Farouk frowned. “He tried to seduce you without first making you his wife or his concubine?”
A rueful laugh escaped her. “I’m afraid all he was interested in making of me was sport. It seems he had made a wager among his friends that he could coax me into climbing down the trellis outside my bedchamber at Lady Ellerbee’s house party to meet him for a moonlight rendezvous.”
“And did he win his wager?”
“I’m afraid so. But the trellis was not so lucky. It gave way when I was only halfway down.”
“Were you harmed?”
“Not in the least. Mr. Huntington-Smythe broke my fall, and I broke his leg. Unfortunately, when the rest of the guests came rushing out of the house, drawn by his screams—which, I should add, were rather high-pitched and unmanly for a fellow of his virile reputation—there I was, lying atop him in my dressing gown. As I’m sure you can imagine, it caused quite the scandal among Lady Ellerbee’s houseguests, as well as putting an end to any hope of my snaring a husband … or a father for my children.”
A shadow of wistful sadness passed over her face, and in that moment all Farouk wanted to do was lay waste to the scoundrel responsible for making her merry dimples disappear. “This Huntington-Smythe was a faithless dog! Only a man with no honor would treat a woman so. Had I been there, I would have given the devil a reason to scream by running him through with my sword.”
Poppy clapped her hands, clearly delighted by Farouk’s bloodlust. “How very gallant of you! Although I daresay that would have created an even greater scandal, not to mention a dreadful mess on Lady Ellerbee’s lawn. I’m not exactly the sort of woman who incites violence in men. No man has ever challenged another to a duel on my account.” She was doing it again, gazing up at him as if she had a question poised on the tip of her tongue that only he could answer.
He was seized by a ridiculous desire to reach down and draw off her spectacles.

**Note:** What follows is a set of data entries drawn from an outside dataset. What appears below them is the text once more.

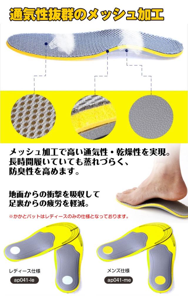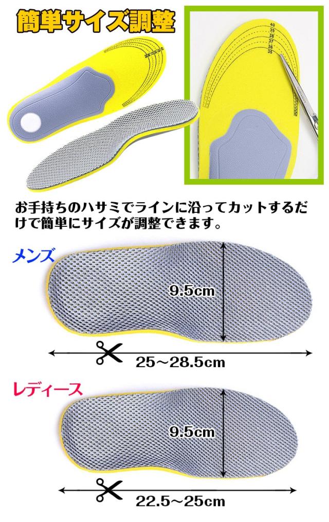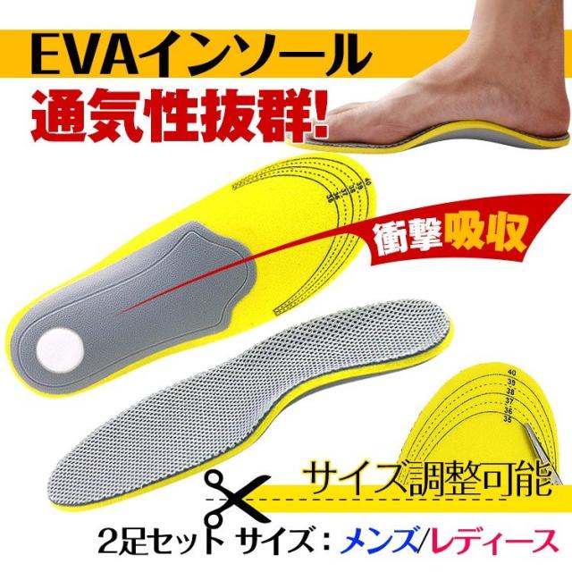 インソール 2足セット 衝撃吸収 メッシュ加工 通気性 かかとパット 中敷き メンズ レディース EVA
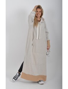 K-Fashion Dlouhé šaty s kapucí světle béžová
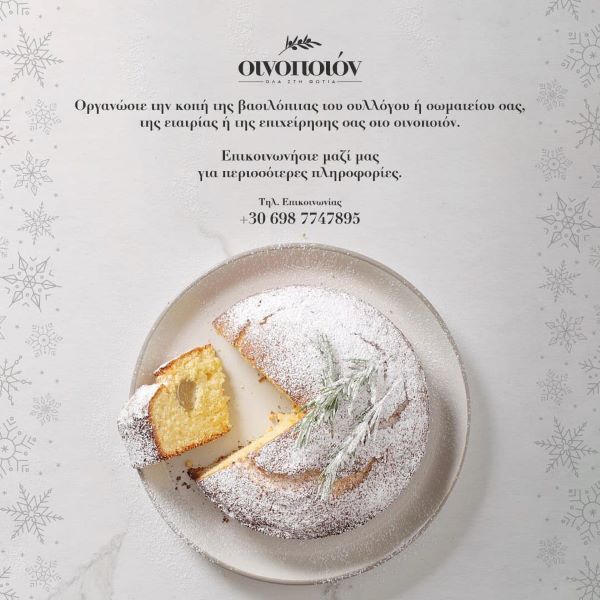 ΟΙΝΟΠΟΙΟΝ: Οργανώστε την κοπή της βασιλόπιτας και περάστε μια αξέχαστη βραδιά μαζί μας!
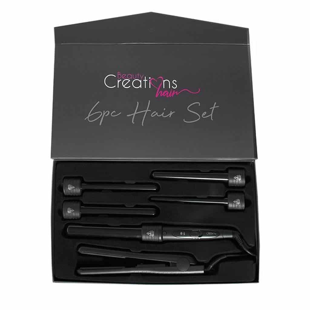 El juego de cabello de 6 piezas incluye 5 rizadores intercambiables + una plancha.  Los barriles de teflón sin clip crean rizos brillantes sin tirar ni romper el cabello.  Dos configuraciones de temperatura que alcanzan hasta 400F.
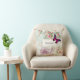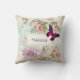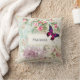 Een gepersonaliseerd kussen met een elegante roze magenta vlinder met paarse accenten. Een wit lijst met een goudkleurige rand is gelaagd over een armoedige collage met roze rozen en andere sierelementen. Een chique ouderwetse sfeer.
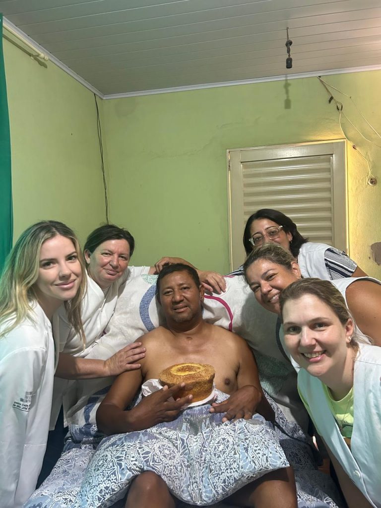 Além disso, em um gesto de carinho e humanização, a equipe do Serviço de Atenção Domiciliar (SAD) do município promoveu uma festa surpresa de aniversário para o paciente Leinaldo Batista dos Santos, que completou 44 anos. A equipe do SAD desejou muita felicidade e saúde para esse guerreiro, que recebe o acompanhamento domiciliar da equipe multiprofissional.

To see if her eyes would be even bluer without them. “Why do you always look at me like that?” he asked, his voice coming out more harshly than he intended.
He expected her to blush and stammer and deny that she had a habit of staring at him but she surprised him by continuing to boldly meet his gaze. “I would think you’d be accustomed to women staring at you. You are a very handsome man.”
“Yes. I am.”
Her smile softened. “I have dimples here.” She touched one of her cheeks, then reached up to gently press one fingertip into the bearded cleft in his chin. “And you have a dimple there.”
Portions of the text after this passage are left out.